# [Source records]
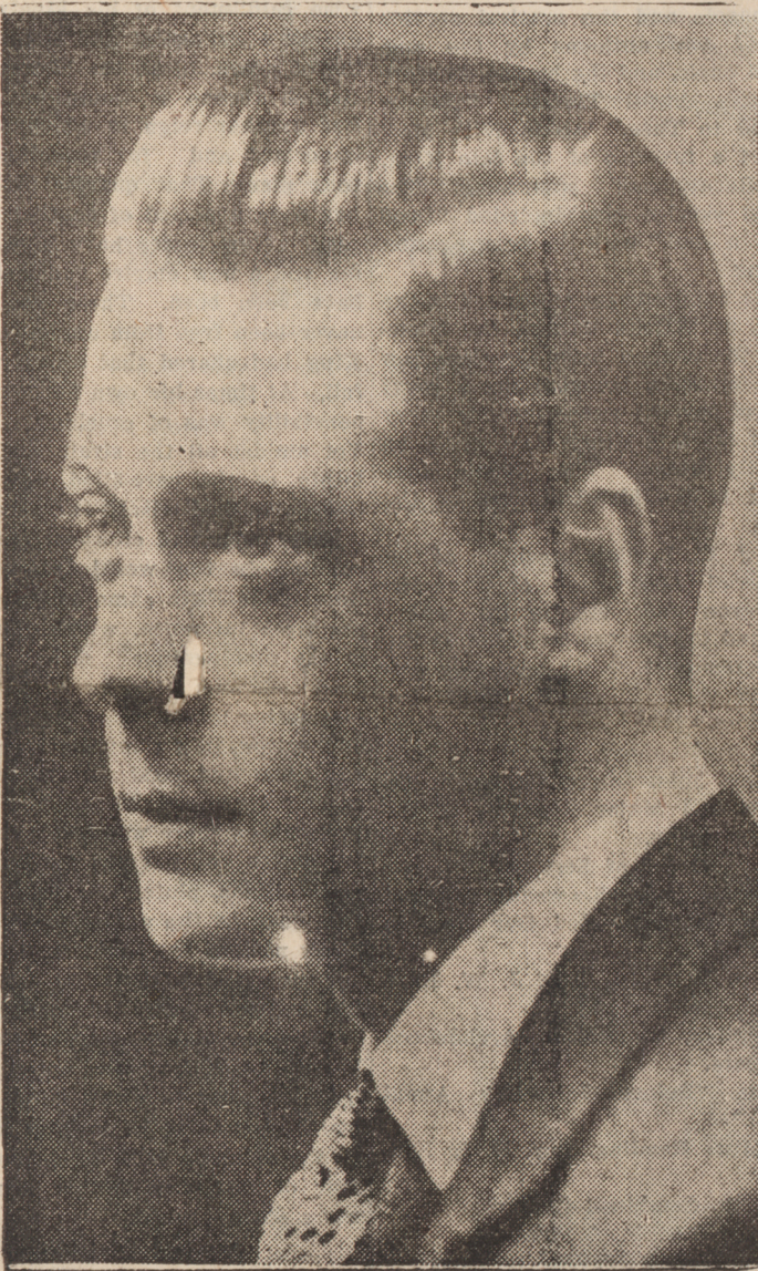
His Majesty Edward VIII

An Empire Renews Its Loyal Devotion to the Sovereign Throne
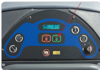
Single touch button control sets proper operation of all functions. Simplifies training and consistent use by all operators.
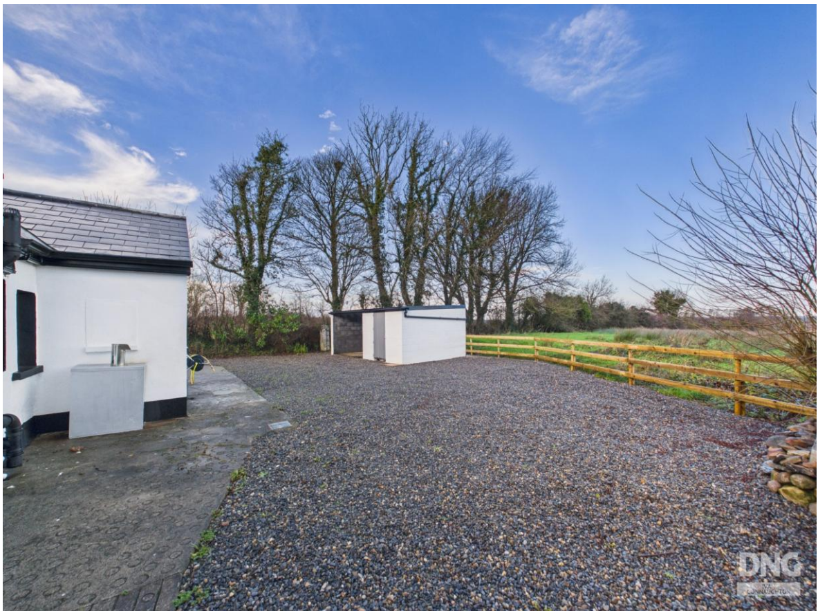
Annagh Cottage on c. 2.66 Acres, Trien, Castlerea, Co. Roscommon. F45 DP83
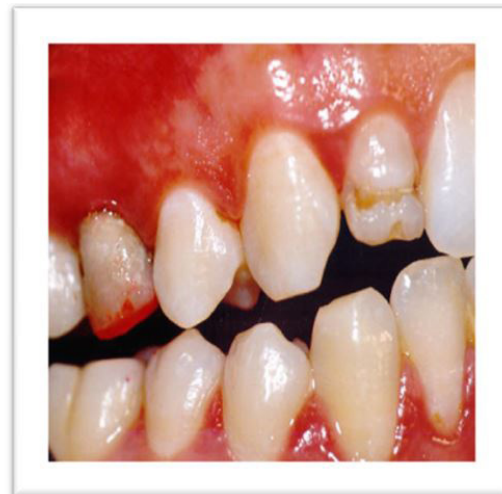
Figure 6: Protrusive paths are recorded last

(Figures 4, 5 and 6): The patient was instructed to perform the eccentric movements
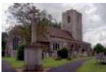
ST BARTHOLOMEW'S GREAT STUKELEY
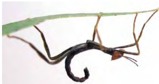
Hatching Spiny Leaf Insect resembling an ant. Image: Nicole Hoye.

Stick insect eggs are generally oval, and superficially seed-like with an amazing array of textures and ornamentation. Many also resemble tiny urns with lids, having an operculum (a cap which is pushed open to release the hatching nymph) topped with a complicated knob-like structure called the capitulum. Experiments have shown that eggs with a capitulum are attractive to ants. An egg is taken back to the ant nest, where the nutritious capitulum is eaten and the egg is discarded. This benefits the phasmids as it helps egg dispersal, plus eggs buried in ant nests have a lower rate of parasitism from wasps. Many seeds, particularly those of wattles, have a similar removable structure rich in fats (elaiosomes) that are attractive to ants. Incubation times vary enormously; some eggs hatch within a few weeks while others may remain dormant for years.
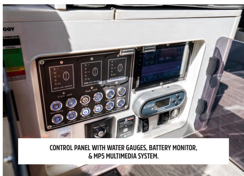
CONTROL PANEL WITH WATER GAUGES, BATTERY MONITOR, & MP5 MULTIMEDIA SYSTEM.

# [Task directions]
With the pictures left out, write out all of the data exactly.

# [Task result]
His Majesty Edward VIII

An Empire Renews Its Loyal Devotion to the Sovereign Throne
Single touch button control sets proper operation of all functions. Simplifies training and consistent use by all operators.
Annagh Cottage on c. 2.66 Acres, Trien, Castlerea, Co. Roscommon. F45 DP83
Figure 6: Protrusive paths are recorded last

(Figures 4, 5 and 6): The patient was instructed to perform the eccentric movements
ST BARTHOLOMEW'S GREAT STUKELEY
Hatching Spiny Leaf Insect resembling an ant. Image: Nicole Hoye.

Stick insect eggs are generally oval, and superficially seed-like with an amazing array of textures and ornamentation. Many also resemble tiny urns with lids, having an operculum (a cap which is pushed open to release the hatching nymph) topped with a complicated knob-like structure called the capitulum. Experiments have shown that eggs with a capitulum are attractive to ants. An egg is taken back to the ant nest, where the nutritious capitulum is eaten and the egg is discarded. This benefits the phasmids as it helps egg dispersal, plus eggs buried in ant nests have a lower rate of parasitism from wasps. Many seeds, particularly those of wattles, have a similar removable structure rich in fats (elaiosomes) that are attractive to ants. Incubation times vary enormously; some eggs hatch within a few weeks while others may remain dormant for years.
CONTROL PANEL WITH WATER GAUGES, BATTERY MONITOR, & MP5 MULTIMEDIA SYSTEM.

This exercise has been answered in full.